#### ASSIGNMENT:
Give all the lines below again, exactly, with no pictures.

#### INPUT DATA:
************

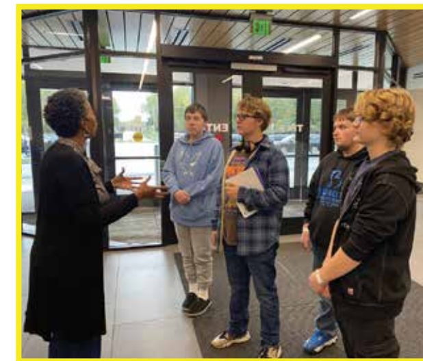
Several BHS students were able to meet with area IT professionals at the recent symposium hosted by Medical Mutual.

Several Brooklyn High School students seized the opportunity to gain more experience about career paths and innovative technology within the health insurance industry at the inaugural Medical Mutual IT and Data Analytics Symposium held at the company's Brooklyn headquarters on Tuesday, October 15, 2024. The visit included an engaging presentation on the increasingly pivotal role of data, analytics, and IT in the health insurance industry. Students also listened to and interacted with members of a speaker panel which provided valuable insights on the key attributes Medical Mutual seeks in student applicants for internships and full-time positions. Additional break-out discussions and exhibit topics included application and development, IT security, infrastructure, data analytics and data engineering. The site visit to Medical Mutual is part of the High School Career Exploration and Planning Program and aligns with the Career and College Readiness pillar featured in the District's Strategic Plan. On behalf of the Brooklyn City Schools, thank you to Medical Mutual for providing our students an in-depth career exploration experience.
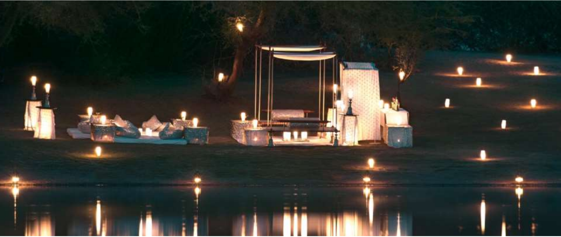
Sundowners at Darbari
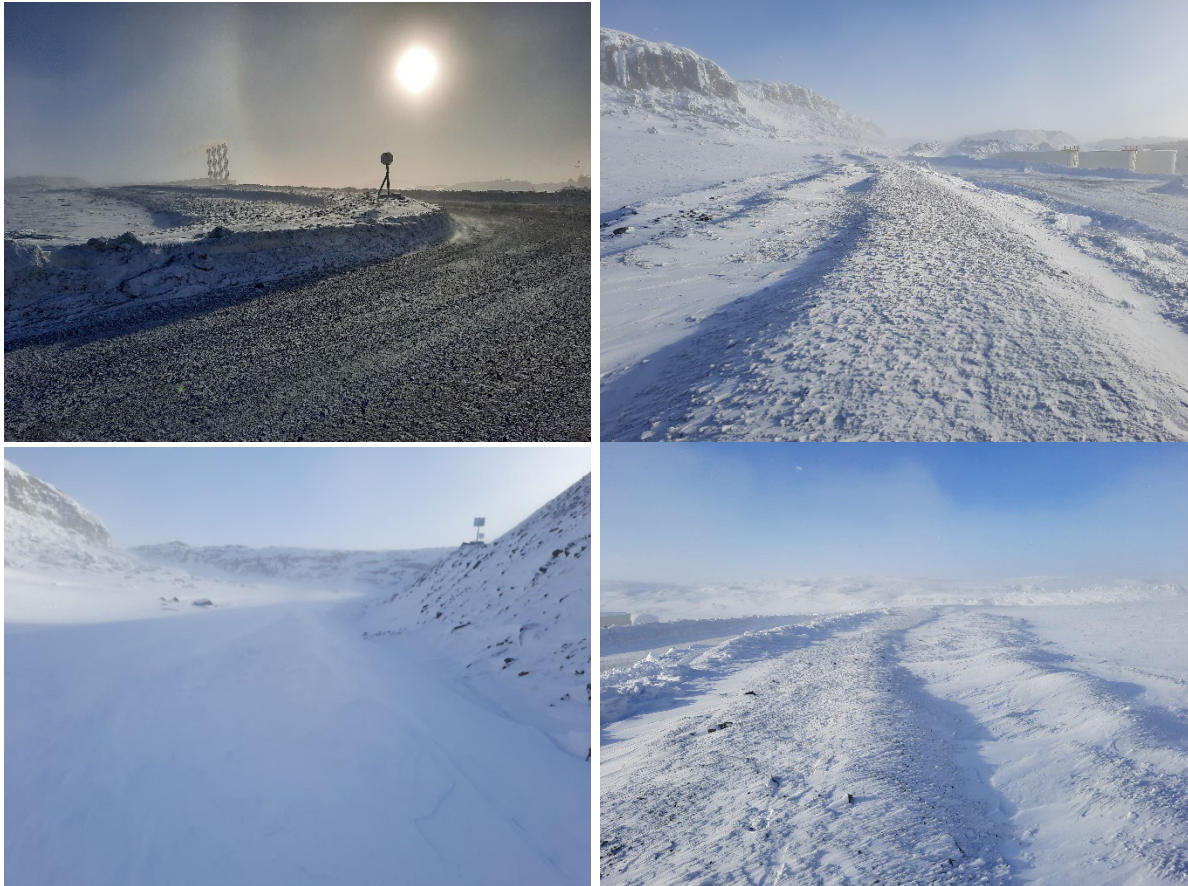
Figure 3. Diversion berm during March 2022

************

#### EXPECTED ANSWER:
Several BHS students were able to meet with area IT professionals at the recent symposium hosted by Medical Mutual.

Several Brooklyn High School students seized the opportunity to gain more experience about career paths and innovative technology within the health insurance industry at the inaugural Medical Mutual IT and Data Analytics Symposium held at the company's Brooklyn headquarters on Tuesday, October 15, 2024. The visit included an engaging presentation on the increasingly pivotal role of data, analytics, and IT in the health insurance industry. Students also listened to and interacted with members of a speaker panel which provided valuable insights on the key attributes Medical Mutual seeks in student applicants for internships and full-time positions. Additional break-out discussions and exhibit topics included application and development, IT security, infrastructure, data analytics and data engineering. The site visit to Medical Mutual is part of the High School Career Exploration and Planning Program and aligns with the Career and College Readiness pillar featured in the District's Strategic Plan. On behalf of the Brooklyn City Schools, thank you to Medical Mutual for providing our students an in-depth career exploration experience.
Sundowners at Darbari
Figure 3. Diversion berm during March 2022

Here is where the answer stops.